Post by Lightning Rod » July 25th, 2007, 5:04 pm

this piece was sent to me by a longtime friend
Nobility by any other name…..
Valentines Day 2007
by Arresdi



“Baby let me follow you down,
baby let me follow you down
Well,
I'll do anythin
in this god almighty world
If you just let me follow you down.
Can I come home with you,
baby
can I come home with you ?
Yes,
I'll do anything
in this god almighty world
If you just let me come home with you.

Baby let me follow you down,
baby let me follow you down
Well,
I'll do anything
in this god almighty world
If you just let me follow you down.

Yes I'll do anything in this god almighty world
if you just let me follow you down.”

Song by Eric von Schmidt
sung by Bob Dylan on the self titled ‘Bob Dylan’ album




Nobility by any other name…..

We are all just animals, exquisite expressions of carbon biology.
No genius that has ever lived so far could have designed us.
We are absolutely incredibly complex mechanical,
hydraulic, electrical, chemical and sentient products of nature.
We are all just animals, equipped with self congratulatory awareness.
We are the animated product of so many biological trials and errors
over an unbelievably long stretch of quiet biological laboratory time
that we are constantly mistaking ourselves for the end product,
when likely we are either a temporary new minor improvement
or another catastrophic failure along the way, soon to be dispensed with.
But nonetheless, the bottom line here is that we are just animals.
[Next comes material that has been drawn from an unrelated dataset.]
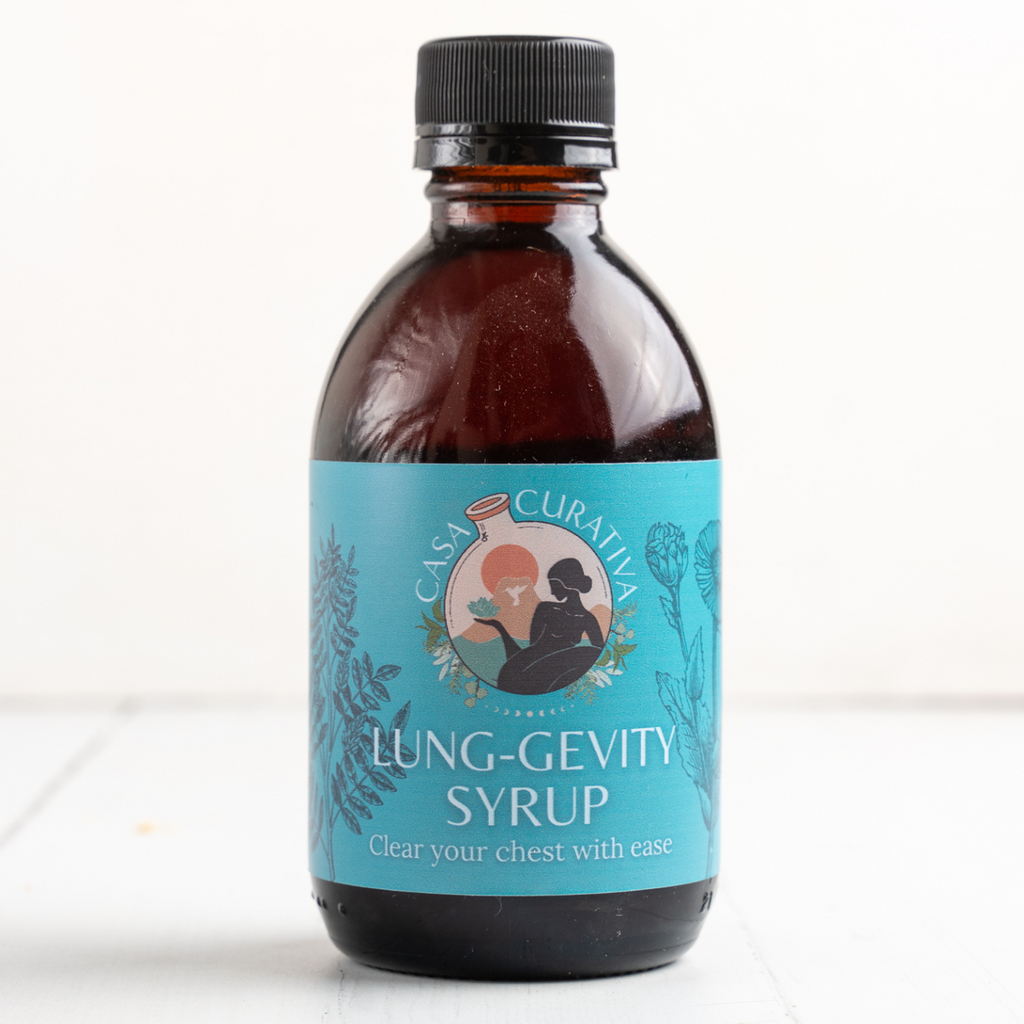 Este es nuestro producto recomendado para tratar la tos de cualquier tipo, el resfriado y la gripe, el COVID y para limpiar el pecho de flemas por la exposición al moho. Esta estimulante mezcla de hierbas actúa profundamente para reparar los pulmones y revitalizar el sistema inmunológico. Para uso preventivo o a largo plazo, recomendamos 1 cucharada al día. En el tratamiento de infecciones respiratorias, recomendamos 1 cucharada cada 3-6 horas.

Other animals, less linguistic than humans, often display a nobility,
anthropomorphically speaking, that is part of their instinctual hard wiring.
Humans construct architectures around linguistic institutions to give each
other medals when they behave as nobly as animals…. linguistic constructs
like religion, morality, philosophy, history, clan, country. Other animals
just do it. Then, they sniff the air for reconnaissance and they move on to
the next time consuming daily activity.

We tease, pretend, plan, dream, flirt, act, perform, create in order to
attract others into our web of a relationship. Some call it lovers courting.
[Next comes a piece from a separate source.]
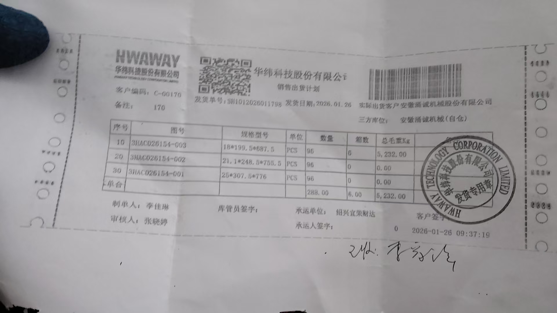 卸货:1月27日09:30

We are instinctually attracted to others in an illogical desire to have the
object of our desire in our arms in the passionate thrill of sexual energy.
Some say, falling in love.

Birds do it, bees do it, dogs do it, bears do it, raccoons and
fireflies do it, even fish in the deep blue but quickly warming sea do it.
We all love to hump
each other. Maybe we all hump to love each other? Let us thank nature for
some small favors.

Some animals are known to display an unaccountable nobility toward others.
Dolphins are famous for it. Wales also occasionally will inexplicably allow
small weak species like humans to swim along with them. A whale could
flick their tail and turn a human into tomato paste. Elephants mourn their
lost ones and stay with them in some noble display of respect. And I don’t
have to tell anyone about the nobility of many wolf breeds that we call dogs.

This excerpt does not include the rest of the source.